[Part 2 of a short series on education for the New Covenant Church newsletter]
Part One: Teaching is More than Information Transfer
“No man is an island.” Thus the 17th century English poet/pastor John Donne summed up the human condition. My individual actions ripple effects into the lives of everyone around me for good or ill. The social nature of human beings, one aspect of our imaging God, profoundly affects the task of education. This major concept in the developing NCS experiment in Grace-based education builds on the core truth that humans were created for community, not hyper-individuality.
I guess it’s no surprise that a nation founded by people who left their own countries to start a better life far from everyone they knew would turn out a nation full of individualists. We reward individual effort and accomplishment far more than we value group unity. In public life, group cohesion breaks down as soon as an individual scents the opportunity to exploit some weakness to his advantage. I’ve heard plenty of complaints both in person and in print from folks who think cooperative learning is foolishly new, unfair to their kid’s accomplishments, and wasteful of time and resources.
I’m not saying that individualism is wrong. I give grades to my students for their individual work. Each of us stands before God individually either condemned by our own sin or redeemed by the work of Jesus Christ.
But a hyper-focus on individualism weakens the unity of the Spirit that binds together God’s people. The Covenant is a communal grace.
Within the Trinity, God Himself enjoys perfect unity and community. When He created man in the Garden of Eden and stamped His image upon us, God made us to beings-in-community. God didn’t leave Adam alone for long – soon Eve provided the companionship that God always intended for His creatures.

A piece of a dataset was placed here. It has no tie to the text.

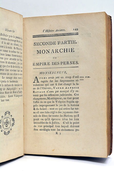 Discours sur l'Histoire Ancienne pour faciliter aux Jeunes Personnes de l'un et de l'autre Sexe l'intelligence des Auteurs anciens et modernes et pour former un Système général du Gouvernement des Peuples de l'Asie, de l'Afrique et de l'Europe. Dédié à S.A.E. L'Archiduc Ferdinand.

Yet the Fall affected even the expression of God’s image in man. Sin destroys community. Immediately after eating the fruit, Adam and Eve “felt” the breach in their relationship with the Creator. Isolation has dogged our path ever since.
How does this relate to education?
I submit that effective education must take place within “community”: within a set of nurturing relationships. The nature of education itself, the stamp of the image of God on both teachers and learners, and the pattern we see from Christ Himself all support “relational teaching.”
No teaching relationship in Scripture exists in a vacuum. Parents are to write God’s law upon their children’s hearts through daily, patient, commonplace conversations. Christ mentored His disciples for three years, living among them. Paul instructs experienced men and women to teach the younger, implying that there’s more at stake here than simply passing around a Life Manual. God Himself enters into a personal relationship with His people, individually shepherding His flock toward glory. No one is in this alone.
It is our nature as image-bearers to be social. Teachers and learners exist in a community, and an educational institution must recognize the value, gifts, and abilities that each student and teacher brings to the table. Whether I recognize it or not, my classroom at NCS is a small microcosm of the Body, each member vital to the healthy functioning of the whole. Relationships are at the core.
As a teacher and a Christian, my lessons aim for the deeper levels, down in the heart where students pay allegiance to their real gods. I mentioned Dr. Bill Davis, of the Covenant College philosophy faculty, in my previous article. In his lecture in one of my classes about worldview as it relates to education, he told us that true education takes place not in the intellect, but at the worldview level. As a teacher, I am not so concerned with my students’ ability to conjugate verbs as I am about their core beliefs. Either we educate Christianly, or we create smart pagans. Education cannot take place in a philosophical vacuum. [Facts may be neutral, but humans aren’t.]
“If your teaching does not reach a student’s worldview presuppositions, then the education is essentially ineffective,” Dr Davis said. His next thought hit me between the eyes: “A student will allow only one type of person to effect lasting change in her worldview beliefs: such instruction must come from someone she loves. And students will love those people who truly model Christ’s love for them– ‘We love, because He first loved us’ (I Jn 4:19).”
A loving, Christlike teacher can affect the deepest regions of a child’s heart and mind, operating as a partner with parents in the Covenantal upbringing of their children. Those deep waters stir slowly and the effects appear years (decades) after the student leaves the classroom.